ENTRIES PROVIDED →
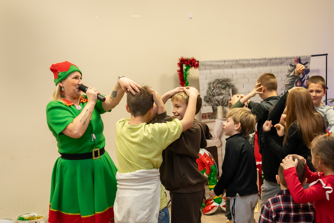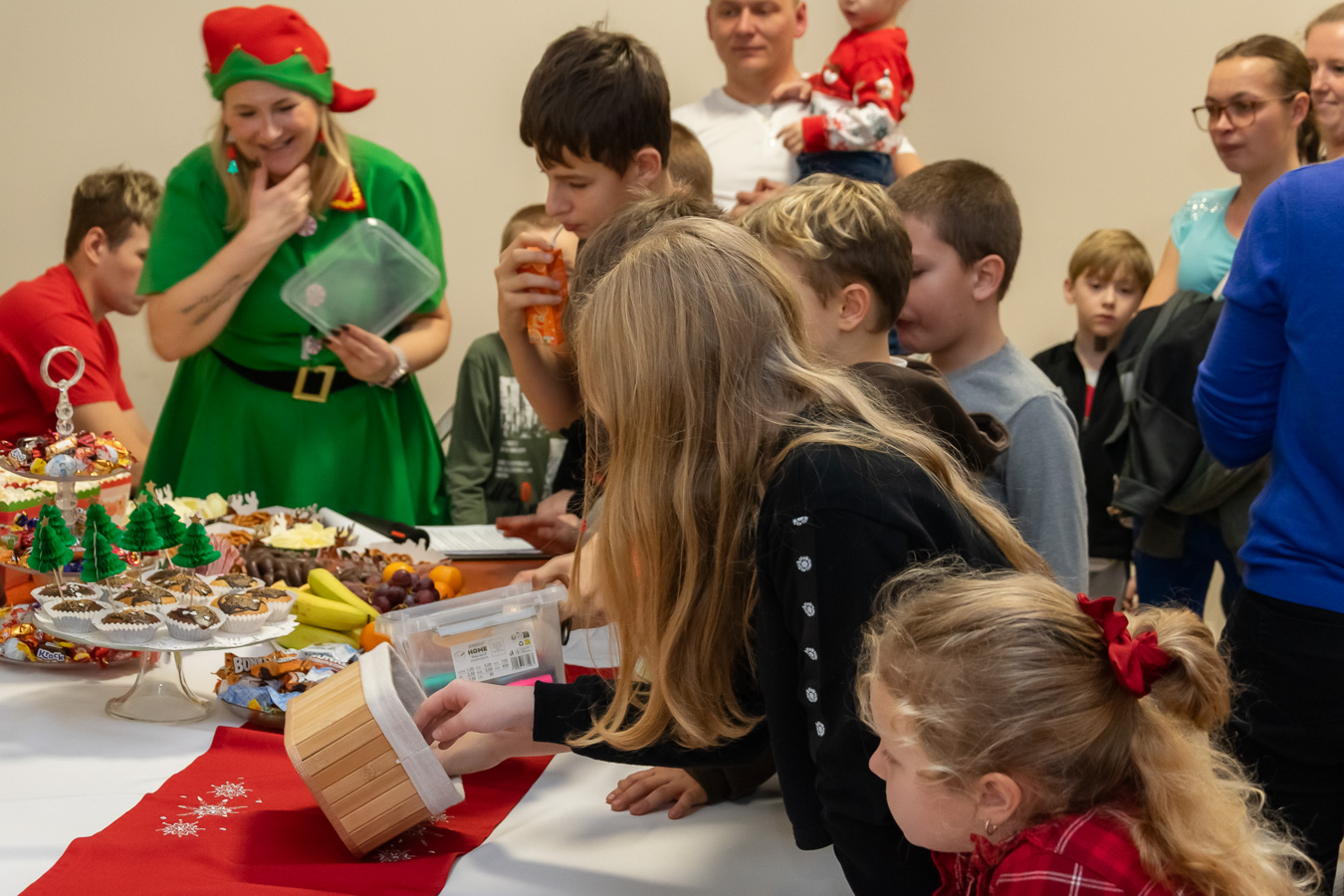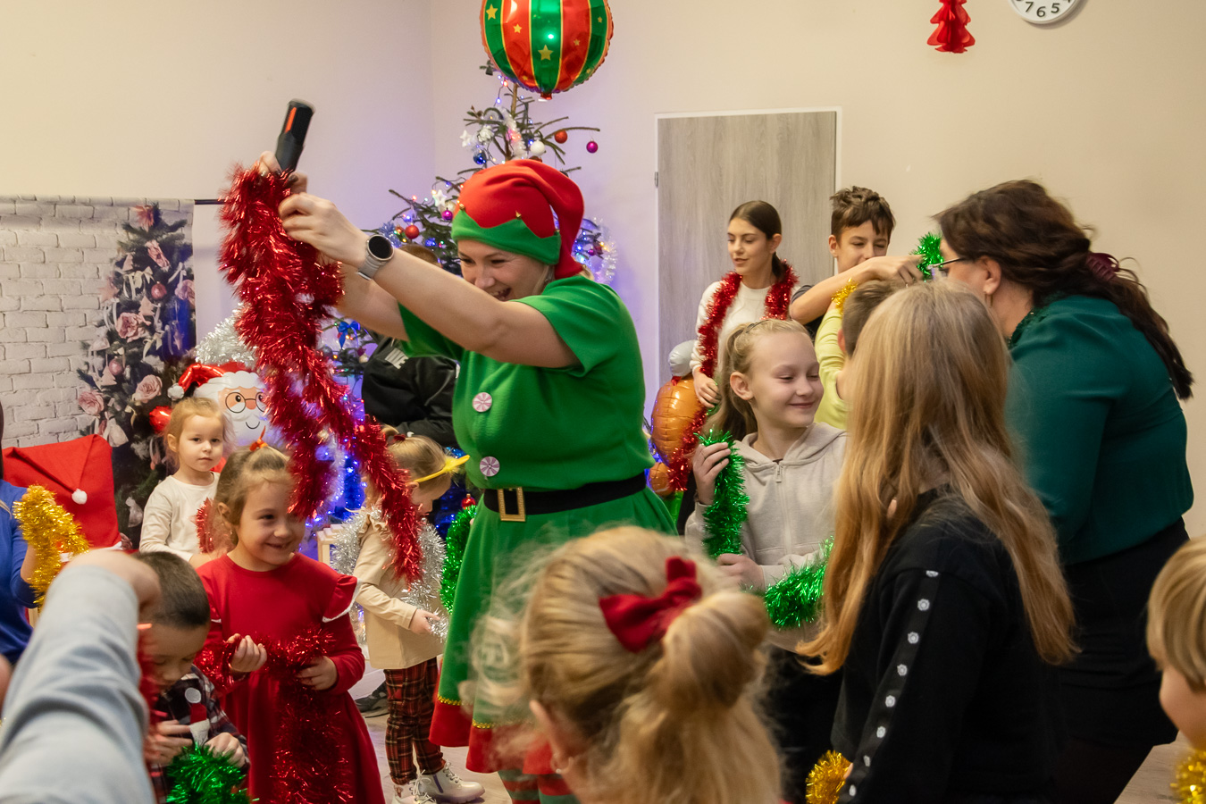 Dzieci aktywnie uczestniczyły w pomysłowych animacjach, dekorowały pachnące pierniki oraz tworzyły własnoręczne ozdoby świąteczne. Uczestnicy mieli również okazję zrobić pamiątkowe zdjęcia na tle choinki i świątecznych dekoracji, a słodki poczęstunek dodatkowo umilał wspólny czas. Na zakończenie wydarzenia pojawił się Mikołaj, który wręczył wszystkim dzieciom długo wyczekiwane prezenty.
* * *
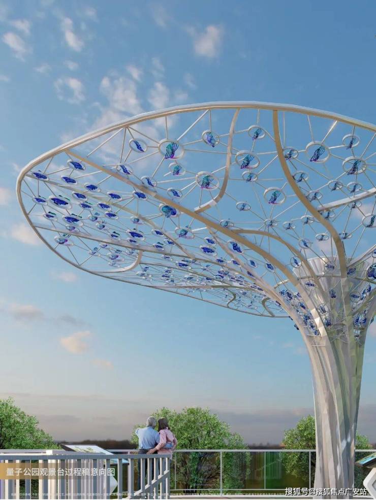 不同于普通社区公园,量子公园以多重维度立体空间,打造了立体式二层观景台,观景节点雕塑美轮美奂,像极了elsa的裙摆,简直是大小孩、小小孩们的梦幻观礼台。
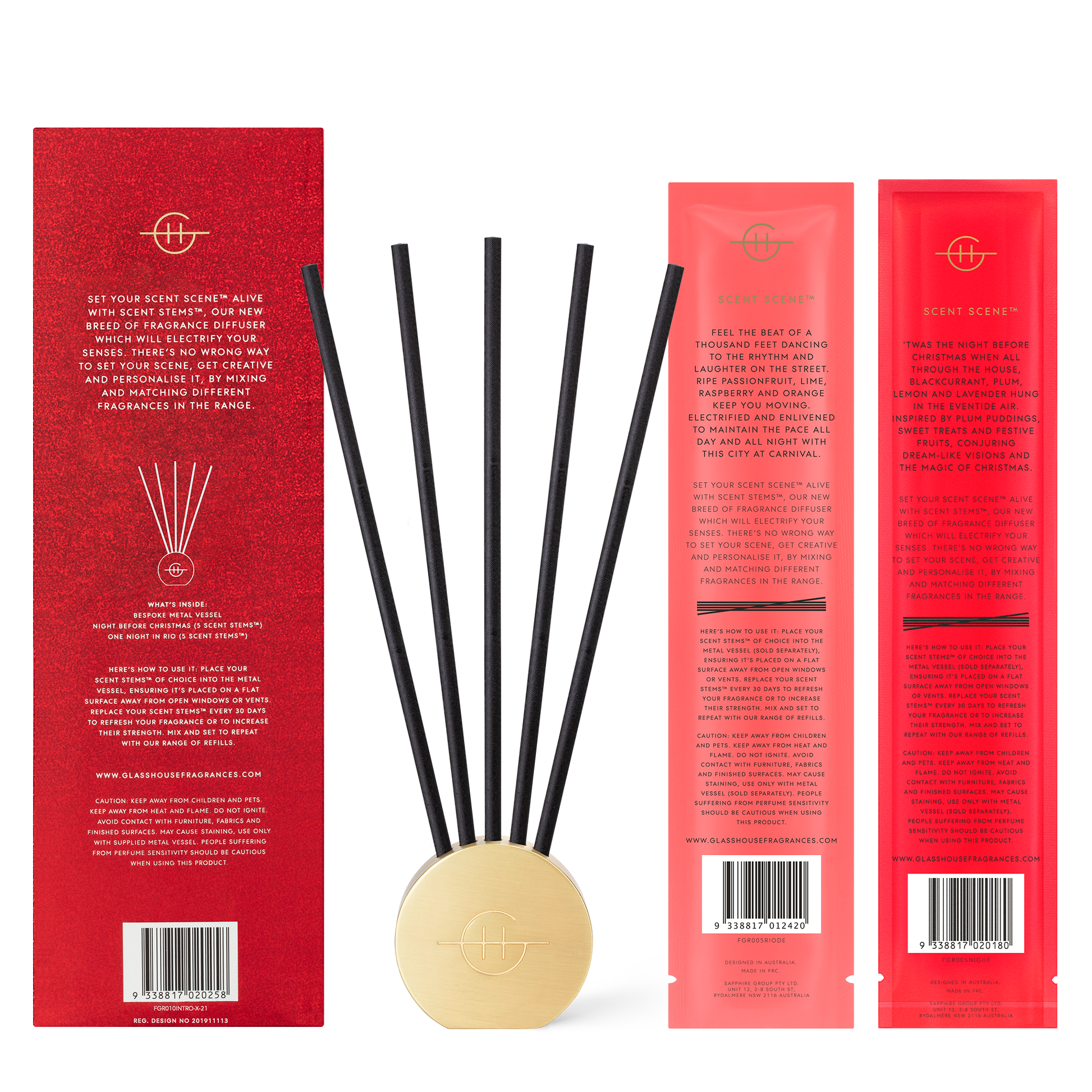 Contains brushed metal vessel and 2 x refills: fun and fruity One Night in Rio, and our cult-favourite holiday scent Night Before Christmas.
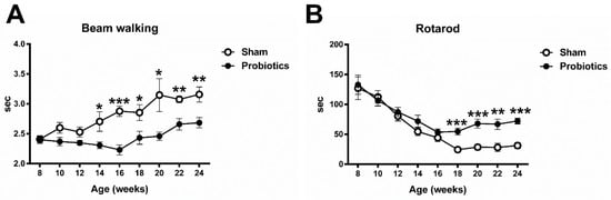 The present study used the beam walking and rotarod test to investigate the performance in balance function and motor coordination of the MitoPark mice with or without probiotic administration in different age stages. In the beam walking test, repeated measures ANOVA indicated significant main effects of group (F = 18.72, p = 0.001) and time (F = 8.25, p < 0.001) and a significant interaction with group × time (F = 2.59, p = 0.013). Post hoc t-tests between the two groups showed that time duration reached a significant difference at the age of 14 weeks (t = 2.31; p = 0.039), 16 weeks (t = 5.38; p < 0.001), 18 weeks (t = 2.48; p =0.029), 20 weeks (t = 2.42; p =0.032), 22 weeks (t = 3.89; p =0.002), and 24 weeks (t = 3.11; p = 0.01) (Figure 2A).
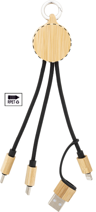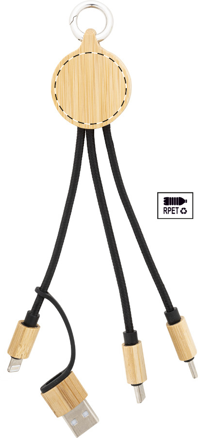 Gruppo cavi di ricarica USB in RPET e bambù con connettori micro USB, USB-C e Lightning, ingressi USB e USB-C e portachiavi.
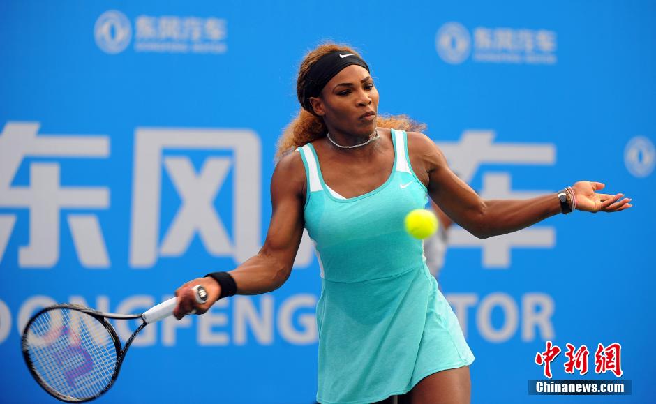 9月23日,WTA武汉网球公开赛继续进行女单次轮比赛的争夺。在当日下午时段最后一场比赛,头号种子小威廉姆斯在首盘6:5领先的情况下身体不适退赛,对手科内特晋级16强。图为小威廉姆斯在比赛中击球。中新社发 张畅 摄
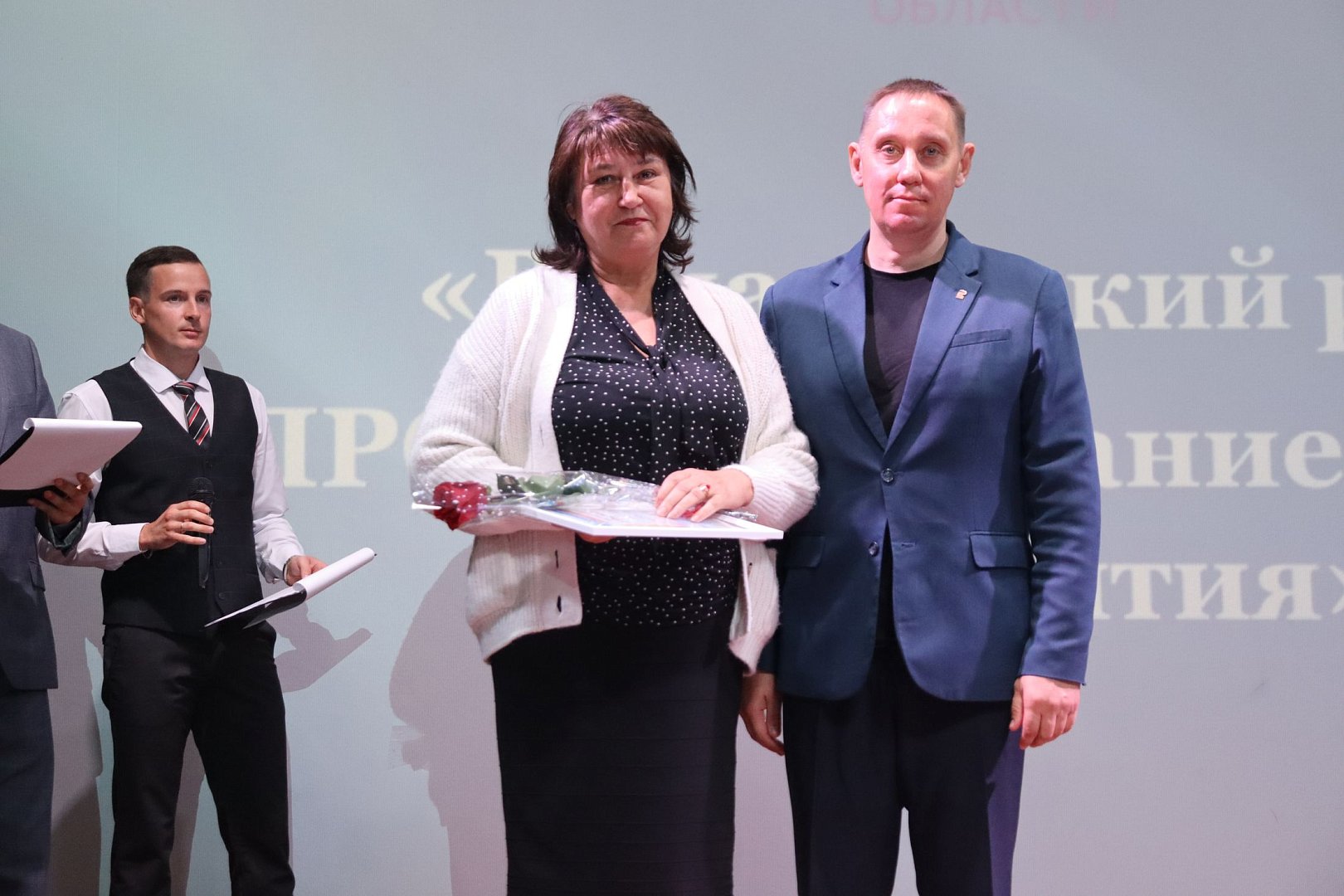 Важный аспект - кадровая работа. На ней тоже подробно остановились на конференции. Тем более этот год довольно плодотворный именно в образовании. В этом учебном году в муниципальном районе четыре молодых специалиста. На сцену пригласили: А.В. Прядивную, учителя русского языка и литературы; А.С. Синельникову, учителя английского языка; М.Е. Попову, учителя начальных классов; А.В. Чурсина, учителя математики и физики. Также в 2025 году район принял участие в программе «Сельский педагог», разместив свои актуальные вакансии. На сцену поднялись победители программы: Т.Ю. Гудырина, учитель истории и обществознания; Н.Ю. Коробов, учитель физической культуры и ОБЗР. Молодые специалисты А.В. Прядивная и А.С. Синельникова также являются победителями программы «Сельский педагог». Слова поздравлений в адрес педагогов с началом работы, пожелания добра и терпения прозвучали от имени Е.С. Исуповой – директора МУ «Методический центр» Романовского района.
==
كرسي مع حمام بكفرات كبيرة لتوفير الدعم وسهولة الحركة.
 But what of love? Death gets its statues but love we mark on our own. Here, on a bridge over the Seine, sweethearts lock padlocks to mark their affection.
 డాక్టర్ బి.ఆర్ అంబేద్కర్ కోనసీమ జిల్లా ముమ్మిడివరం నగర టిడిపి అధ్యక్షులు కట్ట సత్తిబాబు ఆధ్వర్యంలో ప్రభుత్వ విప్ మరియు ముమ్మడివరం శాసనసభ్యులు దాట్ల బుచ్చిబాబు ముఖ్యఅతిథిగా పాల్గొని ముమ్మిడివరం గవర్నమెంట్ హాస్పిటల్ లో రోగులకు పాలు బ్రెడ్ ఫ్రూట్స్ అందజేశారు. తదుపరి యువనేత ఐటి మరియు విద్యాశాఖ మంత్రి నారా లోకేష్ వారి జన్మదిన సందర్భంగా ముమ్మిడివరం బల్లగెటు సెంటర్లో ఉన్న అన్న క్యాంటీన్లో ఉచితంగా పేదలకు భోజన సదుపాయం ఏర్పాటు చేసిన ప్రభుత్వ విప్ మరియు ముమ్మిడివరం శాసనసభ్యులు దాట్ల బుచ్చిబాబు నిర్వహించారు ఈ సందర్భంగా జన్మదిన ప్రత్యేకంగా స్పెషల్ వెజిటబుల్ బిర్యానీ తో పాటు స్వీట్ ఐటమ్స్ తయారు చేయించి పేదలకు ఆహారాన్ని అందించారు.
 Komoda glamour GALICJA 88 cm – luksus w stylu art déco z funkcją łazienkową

THE TASK → In your answer, include only the lines above starting at the line that holds "كرسي مع حمام" and ending at the line that holds "Komoda glamour GALICJA", copied exactly.

RESPONSE FOR THIS EXERCISE →
كرسي مع حمام بكفرات كبيرة لتوفير الدعم وسهولة الحركة.
 But what of love? Death gets its statues but love we mark on our own. Here, on a bridge over the Seine, sweethearts lock padlocks to mark their affection.
 డాక్టర్ బి.ఆర్ అంబేద్కర్ కోనసీమ జిల్లా ముమ్మిడివరం నగర టిడిపి అధ్యక్షులు కట్ట సత్తిబాబు ఆధ్వర్యంలో ప్రభుత్వ విప్ మరియు ముమ్మడివరం శాసనసభ్యులు దాట్ల బుచ్చిబాబు ముఖ్యఅతిథిగా పాల్గొని ముమ్మిడివరం గవర్నమెంట్ హాస్పిటల్ లో రోగులకు పాలు బ్రెడ్ ఫ్రూట్స్ అందజేశారు. తదుపరి యువనేత ఐటి మరియు విద్యాశాఖ మంత్రి నారా లోకేష్ వారి జన్మదిన సందర్భంగా ముమ్మిడివరం బల్లగెటు సెంటర్లో ఉన్న అన్న క్యాంటీన్లో ఉచితంగా పేదలకు భోజన సదుపాయం ఏర్పాటు చేసిన ప్రభుత్వ విప్ మరియు ముమ్మిడివరం శాసనసభ్యులు దాట్ల బుచ్చిబాబు నిర్వహించారు ఈ సందర్భంగా జన్మదిన ప్రత్యేకంగా స్పెషల్ వెజిటబుల్ బిర్యానీ తో పాటు స్వీట్ ఐటమ్స్ తయారు చేయించి పేదలకు ఆహారాన్ని అందించారు.
 Komoda glamour GALICJA 88 cm – luksus w stylu art déco z funkcją łazienkową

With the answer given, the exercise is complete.